Data to process section start

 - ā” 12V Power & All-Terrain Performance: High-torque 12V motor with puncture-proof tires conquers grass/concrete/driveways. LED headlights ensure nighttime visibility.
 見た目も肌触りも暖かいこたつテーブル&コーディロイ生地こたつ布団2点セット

Data to process section end
Data to process section start

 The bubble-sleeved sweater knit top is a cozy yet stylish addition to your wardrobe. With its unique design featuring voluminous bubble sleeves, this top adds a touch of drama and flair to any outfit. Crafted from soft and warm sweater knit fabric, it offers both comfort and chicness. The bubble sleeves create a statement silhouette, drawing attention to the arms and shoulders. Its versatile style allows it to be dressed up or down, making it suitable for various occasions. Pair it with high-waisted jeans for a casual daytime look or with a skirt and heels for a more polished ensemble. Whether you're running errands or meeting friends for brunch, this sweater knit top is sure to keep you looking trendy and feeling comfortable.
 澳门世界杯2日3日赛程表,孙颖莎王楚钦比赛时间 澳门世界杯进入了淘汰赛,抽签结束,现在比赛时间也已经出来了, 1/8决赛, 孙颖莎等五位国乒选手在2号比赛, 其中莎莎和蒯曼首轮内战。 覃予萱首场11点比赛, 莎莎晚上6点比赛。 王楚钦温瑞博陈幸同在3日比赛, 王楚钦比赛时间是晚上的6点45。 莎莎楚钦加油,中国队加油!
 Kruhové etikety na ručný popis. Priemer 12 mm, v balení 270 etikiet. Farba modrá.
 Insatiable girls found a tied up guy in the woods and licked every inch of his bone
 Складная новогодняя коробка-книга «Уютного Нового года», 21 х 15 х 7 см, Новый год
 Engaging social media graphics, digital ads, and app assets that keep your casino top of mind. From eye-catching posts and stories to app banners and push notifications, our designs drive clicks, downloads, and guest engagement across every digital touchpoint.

Data to process section end

*Exercise goal:*
What you give back must be the stretch above, starting at the line with "Insatiable girls found" and ending at the line with "Складная новогодняя коробка-книга", copied exactly.

*Your response:*
 Insatiable girls found a tied up guy in the woods and licked every inch of his bone
 Складная новогодняя коробка-книга «Уютного Нового года», 21 х 15 х 7 см, Новый год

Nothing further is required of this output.